Records from a data collection:
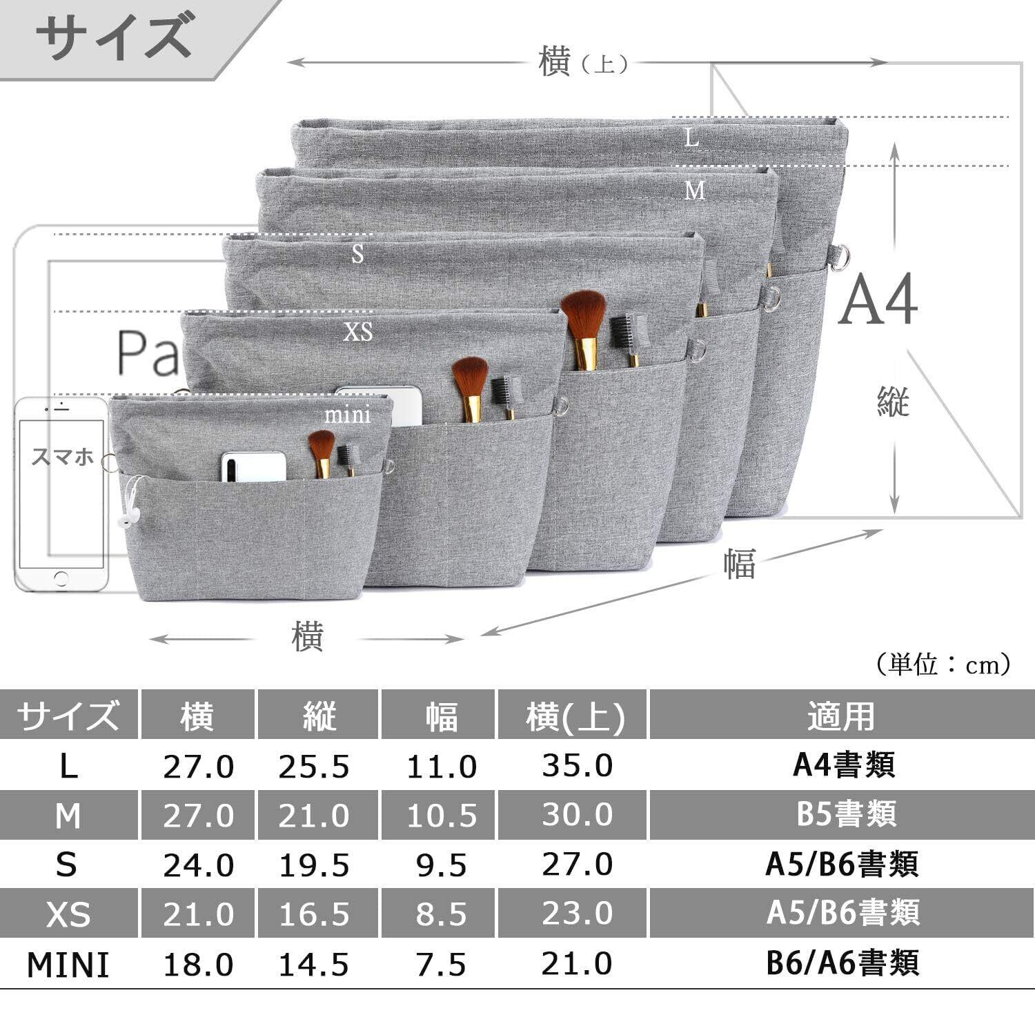 自立/型崩れ防止。自立性がちょうどよい超軽オックスフォード素材(同じ硬度で、重さはフェルト商品の1/2、ナイロンバッグインバッグの1/3)で作られて、様々なカバンに適しています。単独で使うときはしっかり立つことができ、カバンの中に置いた時はバッグのへたる形も安定します。
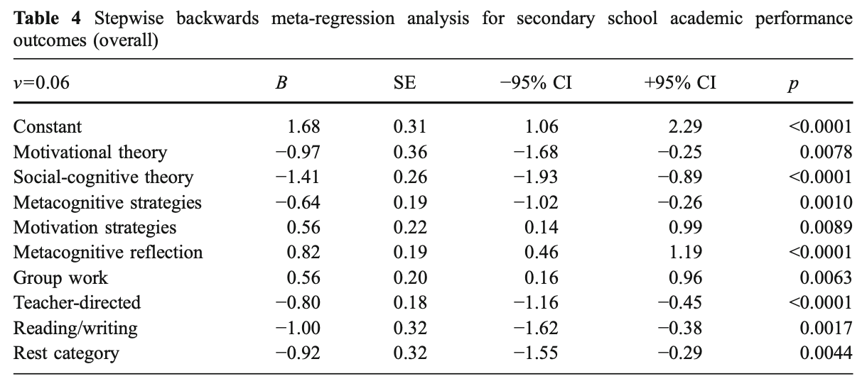 ・介入がメタ認知的方略と動機づけ方略の指導を含んでいる場合、含まない場合よりも効果量は高くなる
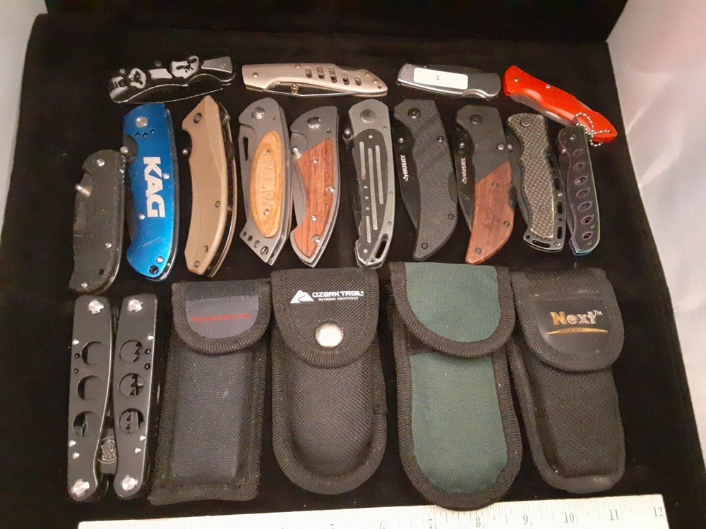 Knives and tools are in various condition. Blades, tools and scales show signs of use such as scratches, dings, dents, loss of color, chipping and marring. Most if not all are in working condition. No guarantee of quality or condition. Please see all pictures and use zoom function to see all Items. Items May Need To Be Cleaned Further. Blades May Need To Be Sharpened.
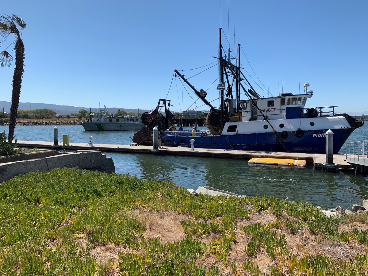 Many of you may already have heard the news that Giuseppe Pennisi, the owner of Pioneer Seafoods (which consists of a 76-foot fishing boat “Pioneer” and a recently purchased food truck/trailer), has shifted his operation from San Francisco to Redwood City. In case you have not, most days of the week Giuseppe and his helpers can be found docked at the end of Seaport Court, very close to where his bright yellow food service trailer is parked. I took a walk out there this week (on Tuesday, when it was cooler) to check out his operation.
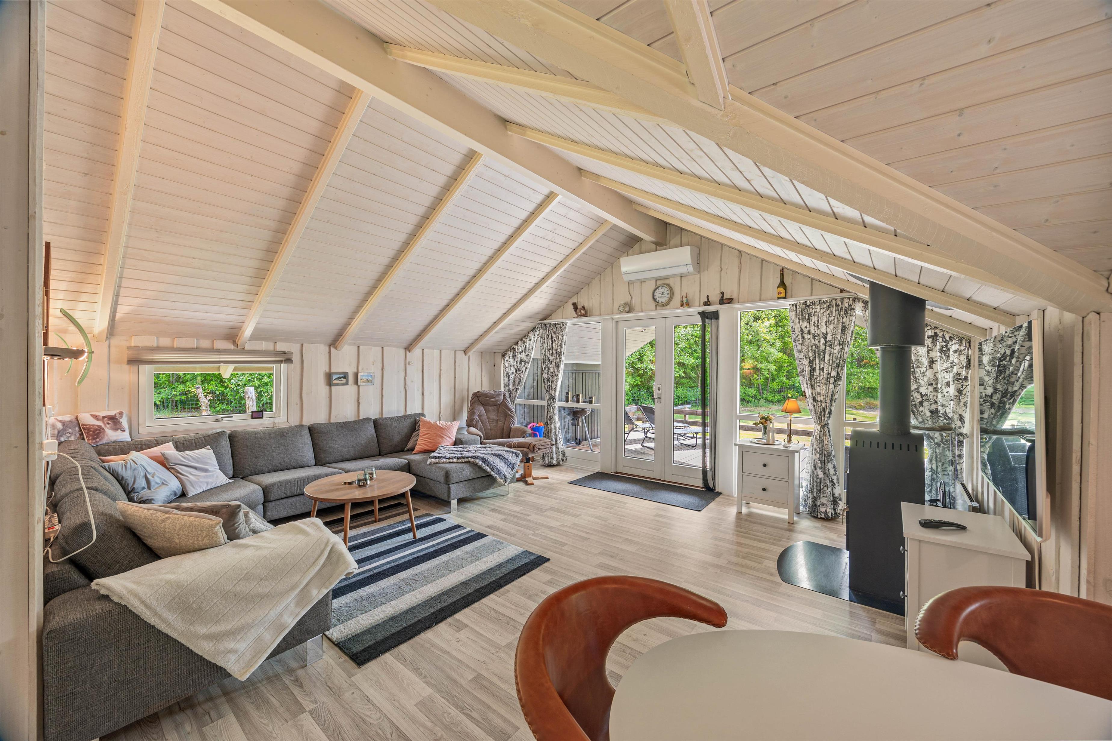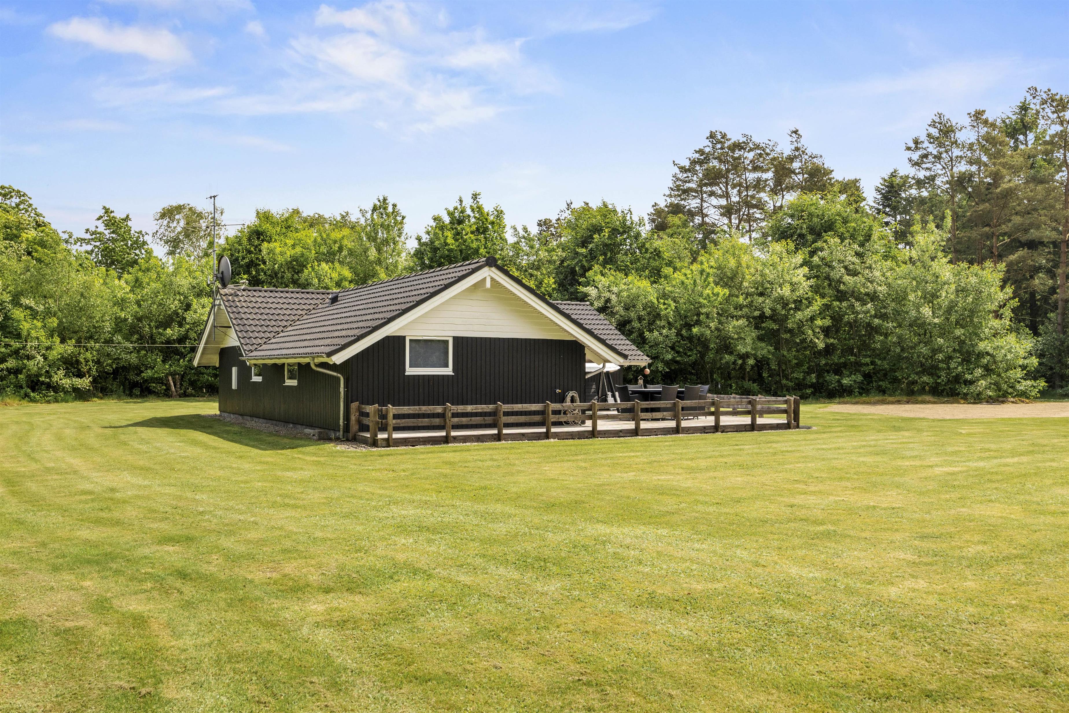 Når solen står højt på himlen, inviterer sommerhuset til udendørs liv og oplevelser i skønne omgivelser. Med både en overdækket og en afskærmet terrasse kan I nyde det danske sommervejr uanset vind og vejr. Terrasserne er udstyret med skønne havemøbler, så I kan slå jer ned med en god bog eller nyde en vidunderlig grillmiddag, som kan tilberedes på sommerhusets grillfaciliteter. Den rummelige plænegrund er perfekt for udendørs spil og aktiviteter for både børn og voksne, hvor I samtidig kan nyde synet af den smukke naturgrund, der omgiver sommerhuset.

Try it: A verbatim printout of the entries above is expected, free of pictures.

Result of this exercise:
 自立/型崩れ防止。自立性がちょうどよい超軽オックスフォード素材(同じ硬度で、重さはフェルト商品の1/2、ナイロンバッグインバッグの1/3)で作られて、様々なカバンに適しています。単独で使うときはしっかり立つことができ、カバンの中に置いた時はバッグのへたる形も安定します。
 ・介入がメタ認知的方略と動機づけ方略の指導を含んでいる場合、含まない場合よりも効果量は高くなる
 Knives and tools are in various condition. Blades, tools and scales show signs of use such as scratches, dings, dents, loss of color, chipping and marring. Most if not all are in working condition. No guarantee of quality or condition. Please see all pictures and use zoom function to see all Items. Items May Need To Be Cleaned Further. Blades May Need To Be Sharpened.
 Many of you may already have heard the news that Giuseppe Pennisi, the owner of Pioneer Seafoods (which consists of a 76-foot fishing boat “Pioneer” and a recently purchased food truck/trailer), has shifted his operation from San Francisco to Redwood City. In case you have not, most days of the week Giuseppe and his helpers can be found docked at the end of Seaport Court, very close to where his bright yellow food service trailer is parked. I took a walk out there this week (on Tuesday, when it was cooler) to check out his operation.
 Når solen står højt på himlen, inviterer sommerhuset til udendørs liv og oplevelser i skønne omgivelser. Med både en overdækket og en afskærmet terrasse kan I nyde det danske sommervejr uanset vind og vejr. Terrasserne er udstyret med skønne havemøbler, så I kan slå jer ned med en god bog eller nyde en vidunderlig grillmiddag, som kan tilberedes på sommerhusets grillfaciliteter. Den rummelige plænegrund er perfekt for udendørs spil og aktiviteter for både børn og voksne, hvor I samtidig kan nyde synet af den smukke naturgrund, der omgiver sommerhuset.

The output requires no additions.